Abstract
In this issue of Cell Host & Microbe, Varble et al 2013, engineer a library of RNA viruses to express small interfering RNAs and couple this with the power of virus evolution and selection to screen for host genes that when silenced resulted in greater viral infection in vivo.
Over the last five years, a variety of screening methods have been used to identify host factors that restrict viral infection. Some investigators have used genome-wide screening approaches, whereas others have targeted specific antiviral pathways, including the type I interferon (IFN) response. Experimentally, these screens have relied on short hairpin RNA-based gene silencing or ectopic gene expression largely in transformed cell culture models of virus infection. In gene silencing approaches, virus infectivity is enhanced when expression of restriction factors is diminished. In the context of treating cells with exogenous IFN, gene silencing can define the relative contribution of individual interferon-stimulated genes (ISG) to the host antiviral responses. In ectopic expression screens, particularly of genes in the IFN signaling and effector pathway, host factors that are sufficient to protect cells from virus infection have been revealed.
Each screening method has strengths and limitations. In genome-wide siRNA screening approaches, an underlying assumption is that a restriction factor will be expressed basally at levels that are sufficient to control an incoming virus. The identification of the antiviral activity of IFITM gene family members is a successful example of this strategy (Brass et al., 2009). Other genome-wide siRNA screens have been performed in the context of IFN treatment and uncovered numerous putative host restriction factors, many of which regulate cellular antiviral responses even though they are not induced by IFN (Fusco et al., 2013; Zhao et al., 2012). Two screens that specifically targeted the IFN pathway by silencing a comprehensive panel of ISGs identified novel host factors that had direct effector functions or regulated IFN response pathways (Li et al., 2013; Metz et al., 2012). In addition to gene silencing strategies, ectopic expression screens also have identified ISGs that inhibit virus infection. When hundreds of ISGs were tested for their ability to suppress virus infection (Liu et al., 2012; Schoggins et al., 2011) many known and novel genes with antiviral activity were revealed, which has helped to elucidate the complex nature of the IFN response against RNA and DNA viruses.

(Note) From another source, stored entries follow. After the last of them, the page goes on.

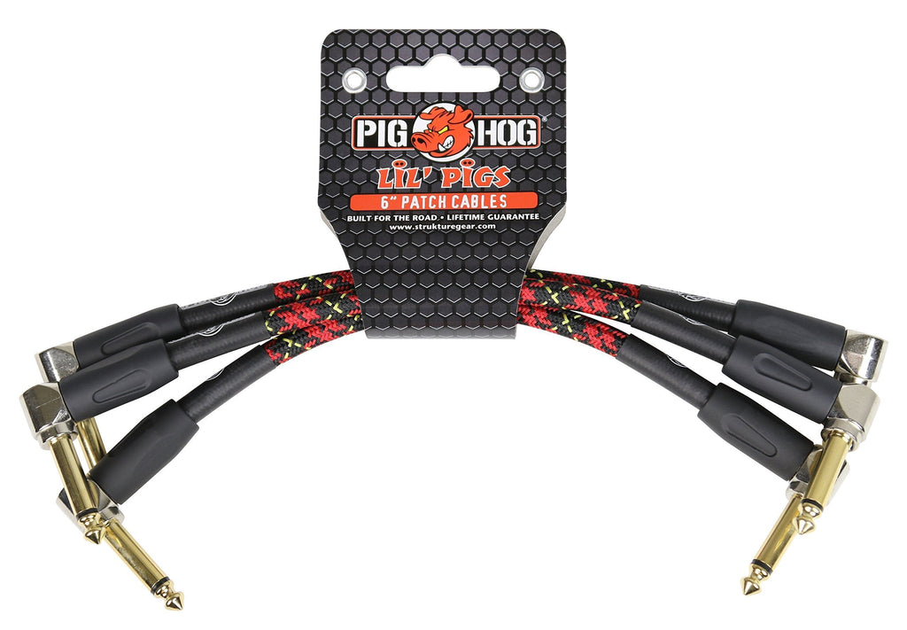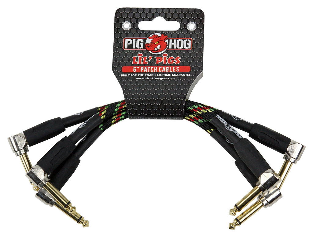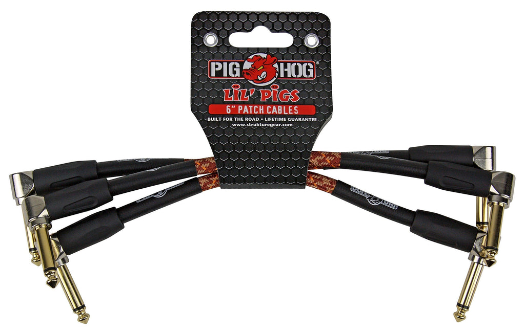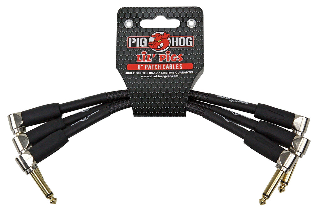 Pig Hog PHLIL6DB Lil' Pigs Right-Angle 1/4" Vintage Daphne Blue Instrument Patch Cables, 6" (3 Pack)
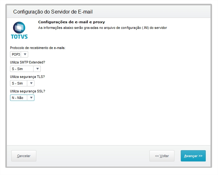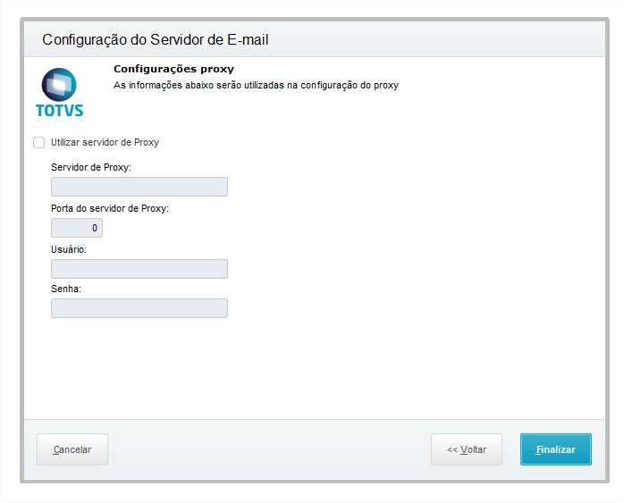 Acesse o Configurador e o menu Ambiente -> E-mail/Proxy -> Configurar
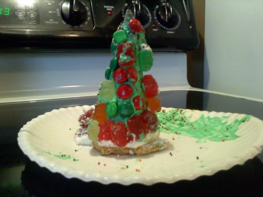 Decorate the tree! (Stick candies and sprinkles onto green frosting as ornaments and Christmas lights)
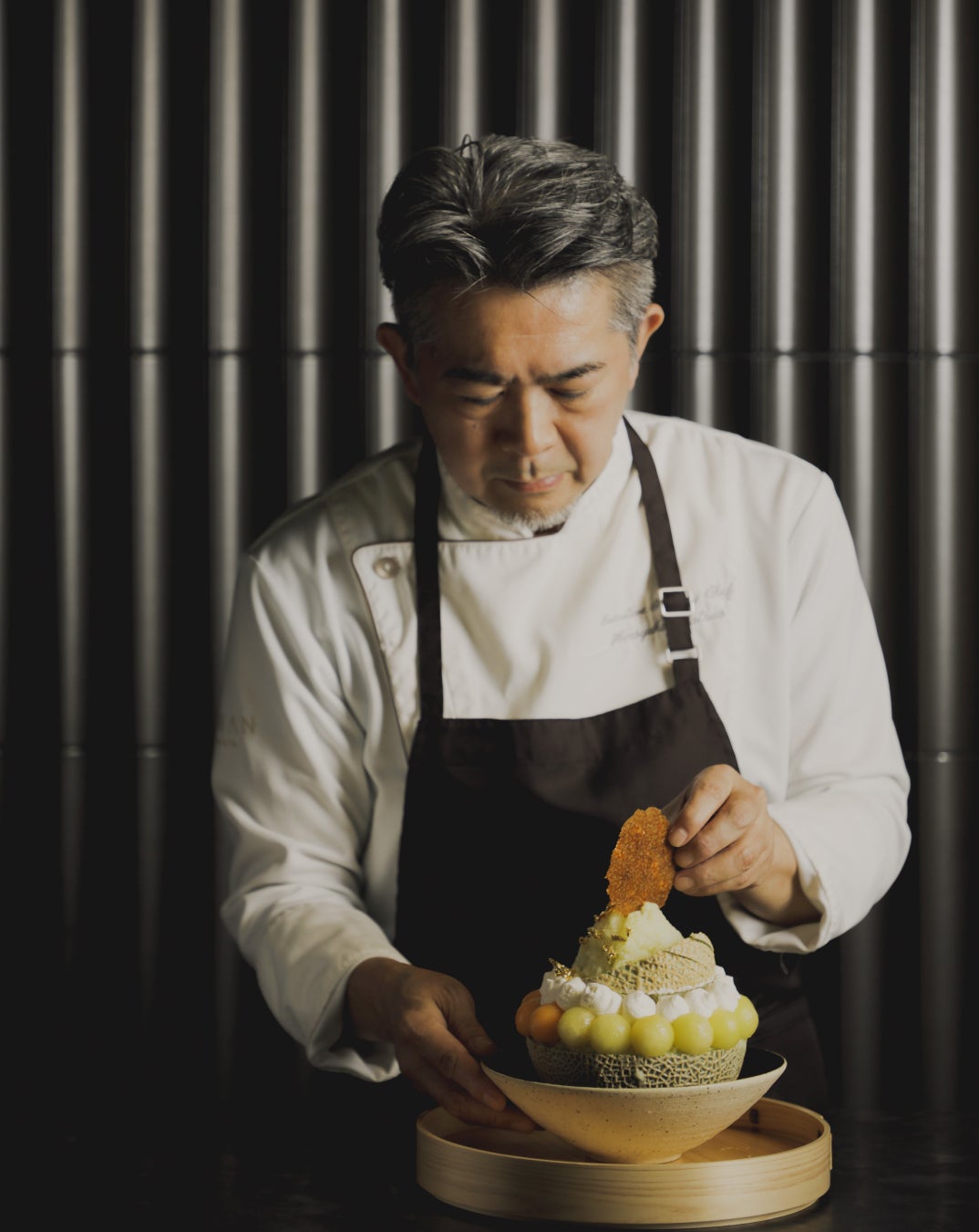 関西のラグジュアリーホテルにて、約40年近い経験に培われた技術と溢れる感性で、独創的なスイーツを数々開発。菓子職人として、ディスプレイづくりもこなし、デコレーションや細工菓子のコンテストにて大阪府知事賞や最優秀賞などの受賞歴を持つ。開業直後から好評をいただいている和菓子のように愛らしい洋菓子のアフタヌーンティーや、季節の旬を反映したクリエイティブなスイーツは、目にも美しく、口福なひとときを届ける。
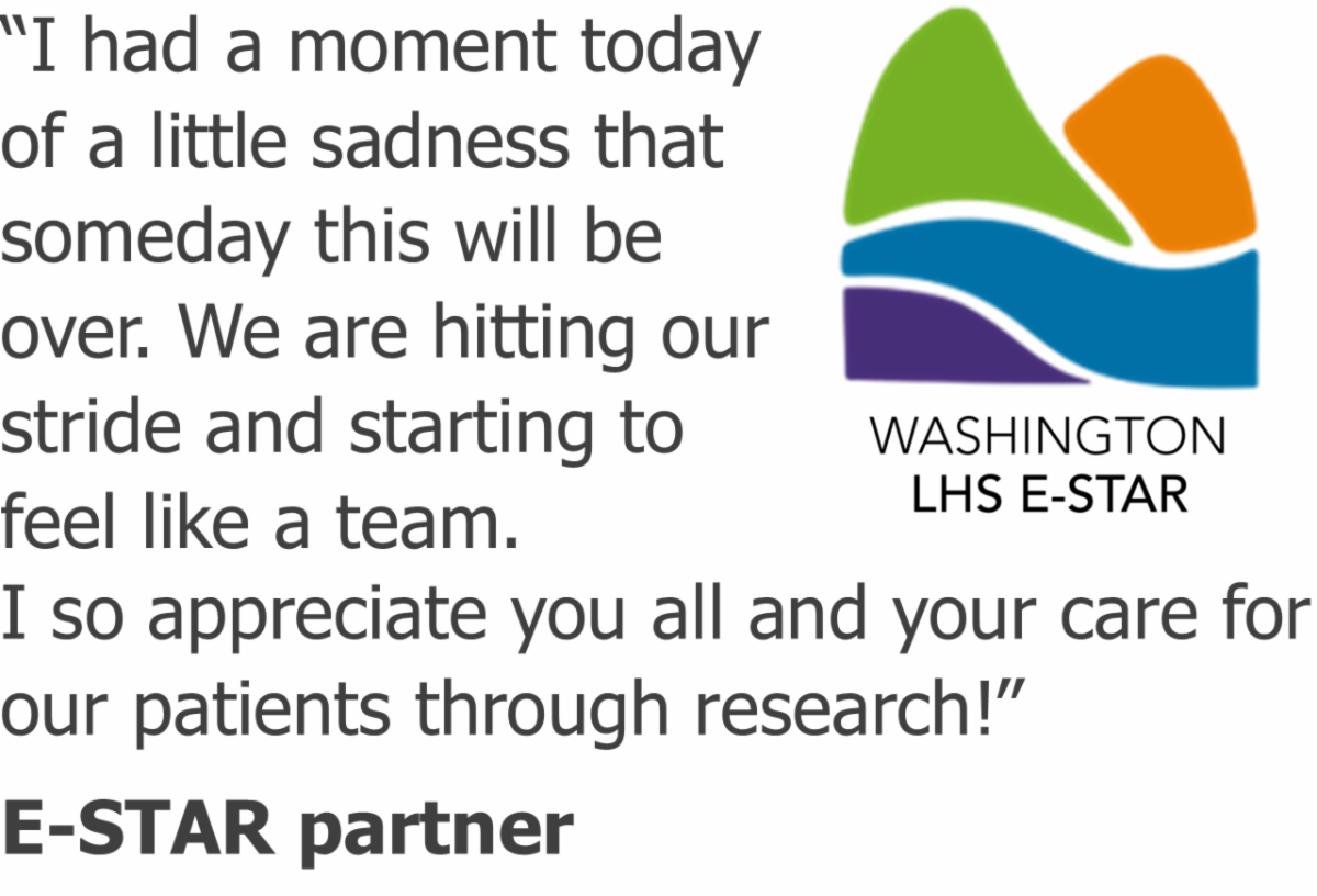 Training future LHS scientists in communities across Washington. With our partners in the Washington LHS E-STAR Center, our 2025 scholars launched 3 new quality improvement projects at the Veterans Affairs Puget Sound Health Care System and Kaiser Permanente Washington. The projects focus on improving social health, postnatal care, and flu vaccination rates across key patient populations. Other E-STAR scholars are working with NeighborCare and Community Health of Central Washington.
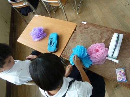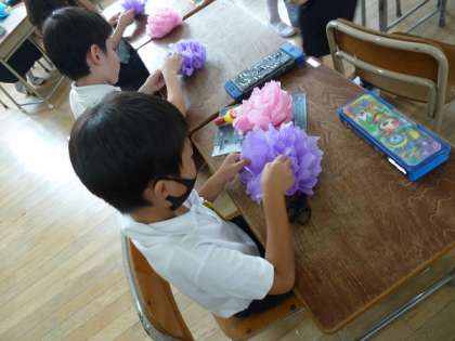 2年生の教室に入ると、子どもたちが色紙を使って花の形を作っていました。
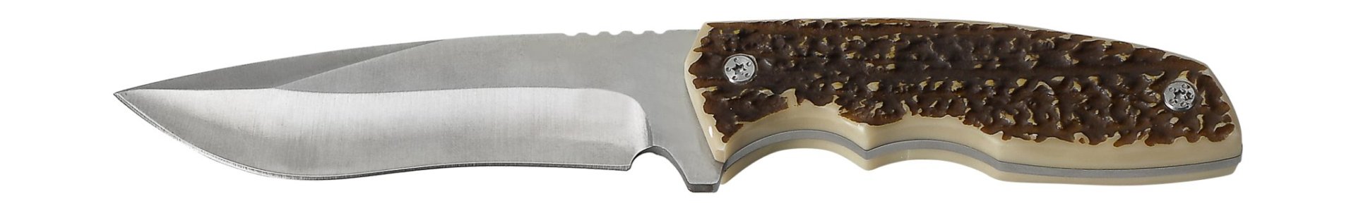 Couteau droit, lame de 10 cm en acier inox 420 A, manche imitation corne
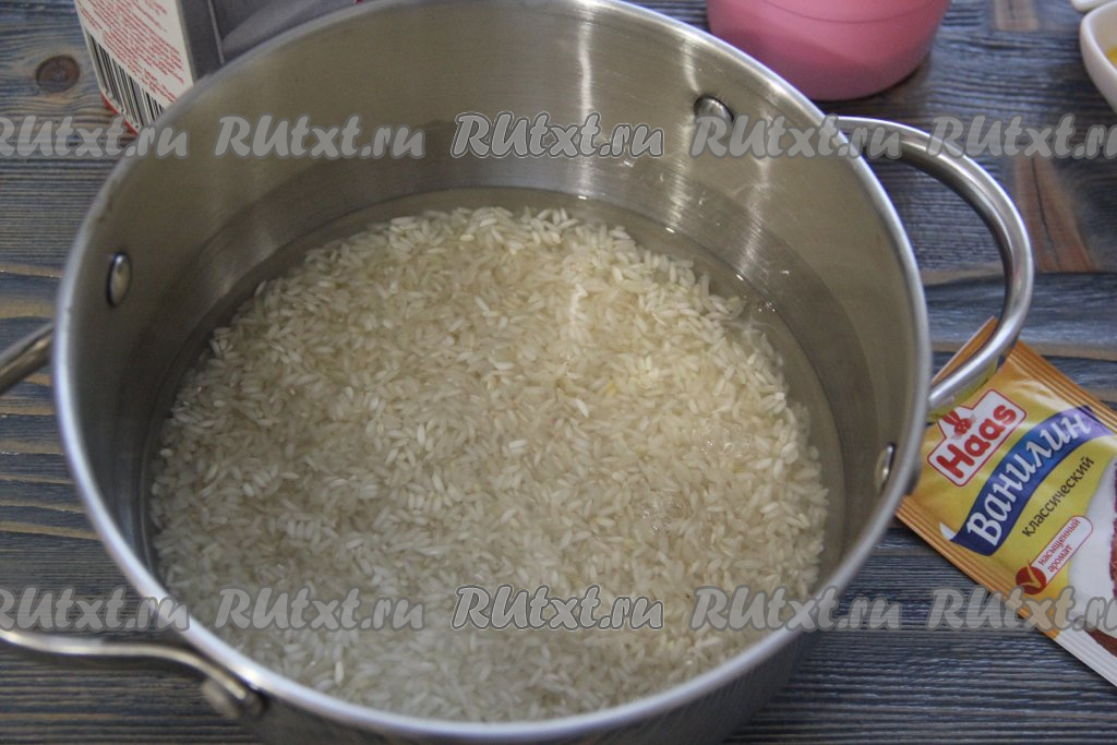 Дать молоку закипеть, а затем варить на медленном огне, иногда перемешивая, до разваривания риса. Рис разный, поэтому на разваривание риса в молоке потребуется от 20 до 40 минут. У меня в этот раз рис разварился за 40 минут. Получится жидкая каша, снять с огня. В небольшой ёмкости соединить крахмал, 50 мл молока, яичный желток и ванилин.
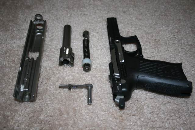 P2000 V1型:在击锤上有创新的扳机与待击阻铁保险,无待击解脱按钮,LEM扳机20N扣力纯双动发射。
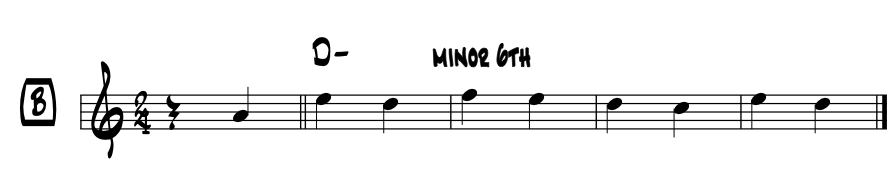 | In the bridge. In this next melody idea from a different song of mine, the minor 6th interval opens up in the bridge section of the composition. As the 'A' section pitches stay within a perfect fifth, the sounding of this minor 6th is also quite effective in bringing a poignant longing to the senses. Ex. 2b. |
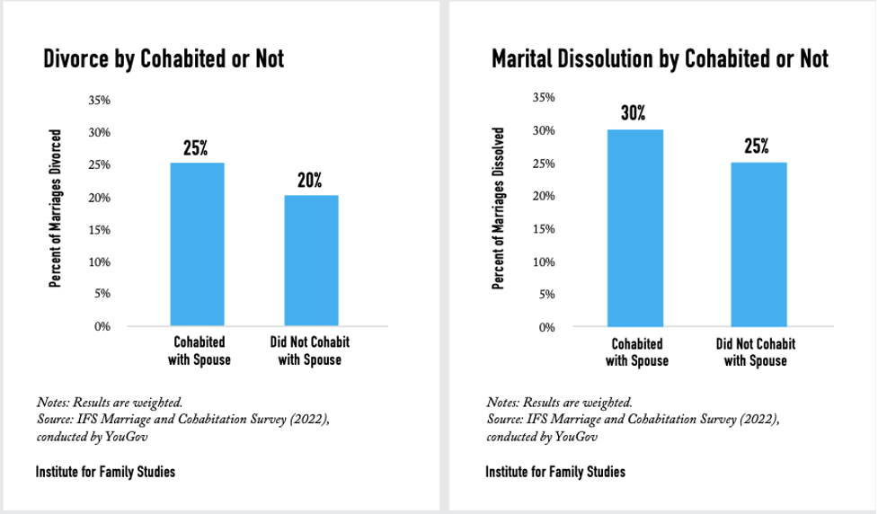 The new IFS report confirms previous U.S. research that those who cohabit before marriage are more likely to divorce.
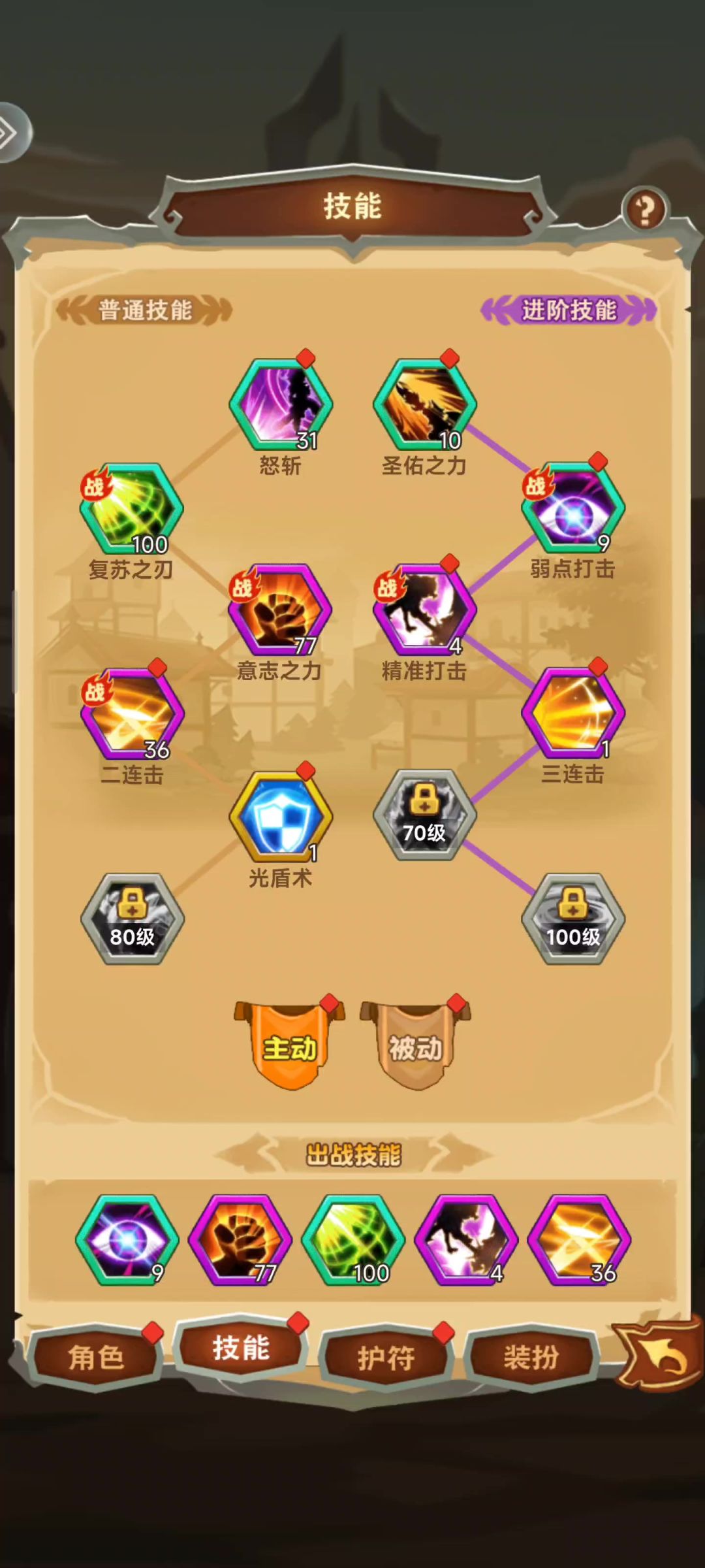 两个伤害加成的技能在前面,中间是能输出能治疗的,它因为CD快所以放在最前面,而且在释放前面两个技能掉的血可以被他一口回上来,回血技能先升满,有输出有续航,然后在升后面的两个技能,在七十五和百级的时候被替,所以要优先升级可以一直保留的技能#武龙争道
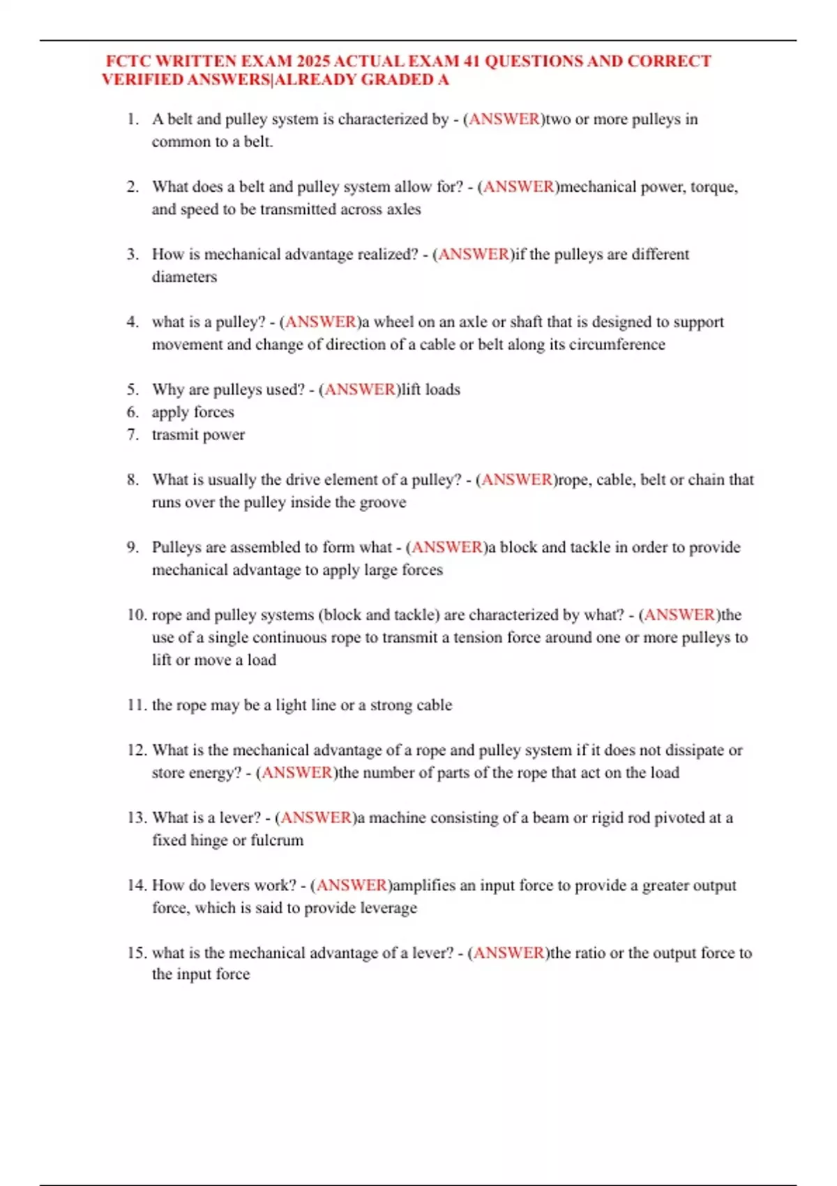 FCTC WRITTEN EXAM 2025 ACTUAL EXAM 41 QUESTIONS AND CORRECT
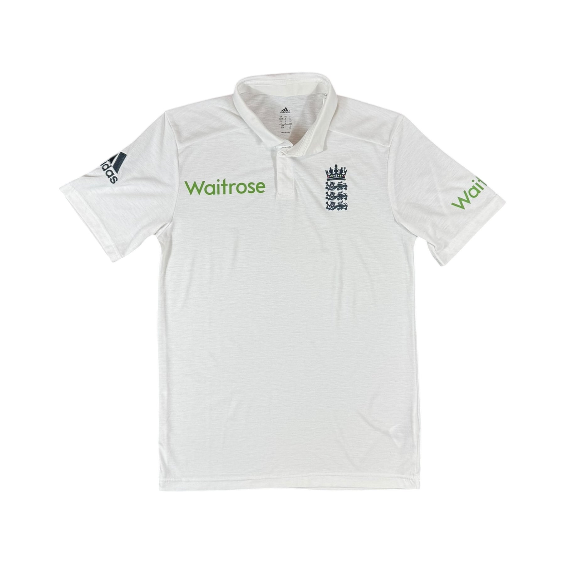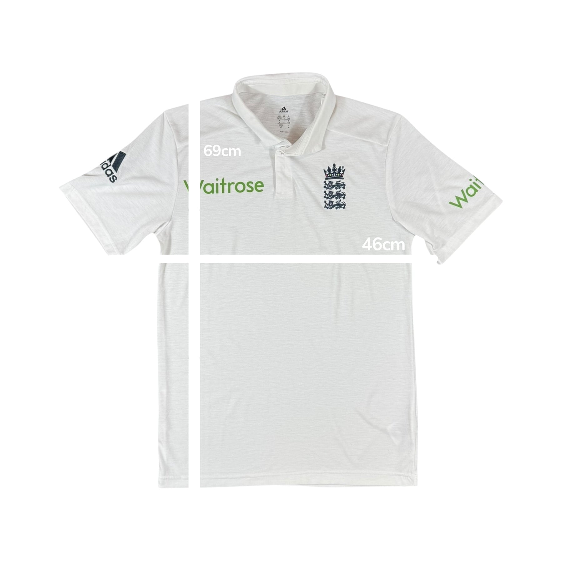 The 2014-16 England Cricket Adidas Test Shirt was worn by stars such as Alastair Cook, Joe Root, James Anderson, and Stuart Broad during a crucial period of Test cricket, including the buildup to England’s 2015 Ashes win.
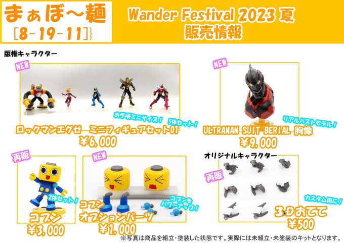【告知】今週末のワンフェスのまぁぼ〜麺のお品書です。みんな遊びに来てね! 卓番:8-19-11 まぁぼ〜麺 ・ロックマンエグゼ ミニフィギュアセット01 ・ULTRAMAN SUIT BERIAL 胸像 ・コブン2体セット ・コブンオプションパーツセット ・3Dおてて #WF2023S #WF2023Sおしながき
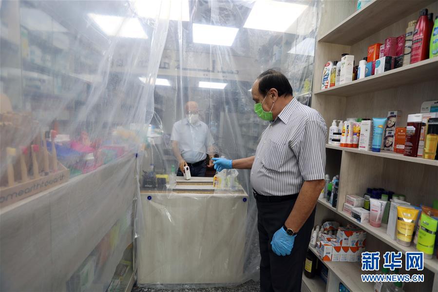 4月14日,在伊拉克巴格达,一家药店挂起塑料薄膜营业。 为遏制新冠疫情蔓延,伊拉克首都巴格达一些药店挂起塑料薄膜,减少与顾客接触。伊拉克卫生部14日报告说,该国在过去24小时内新增确诊病例22例,累计确诊病例1400例,累计治愈766例,累计死亡78例。 新华社发

Identifying the full complement of cellular host restriction factors against viruses likely will require the continued and cumulative effort of both loss-of-function and gain-of-function approaches. Perhaps not surprisingly, the strongest hits from most screens to date have been genes that regulate antiviral pathways. Nonetheless, some putative and novel direct antiviral effectors have been identified (Li et al., 2013; Liu et al., 2012; Metz et al., 2012; Schoggins et al., 2011) with numerous laboratories now pursuing their respective mechanisms of action. The relevance of several ISGs identified in cell culture screens (e.g., Ifitm3, Ifit1, Ifit2, Rsad2/viperin, Irf1, and Ch25h among others) has been confirmed in vivo with demonstrable virological phenotypes observed in mice with targeted gene deletions. Given the resources required to generate transgenic mice, novel gene screening strategies that can rapidly assess antiviral activity in vivo would be particularly useful in identifying additional and physiologically relevant host restriction factors. In this issue, the tenOever laboratory has addressed this need. Varble et al. (2013) applied an innovative screening strategy to identify novel host genes that restrict viral infection in an in vivo setting.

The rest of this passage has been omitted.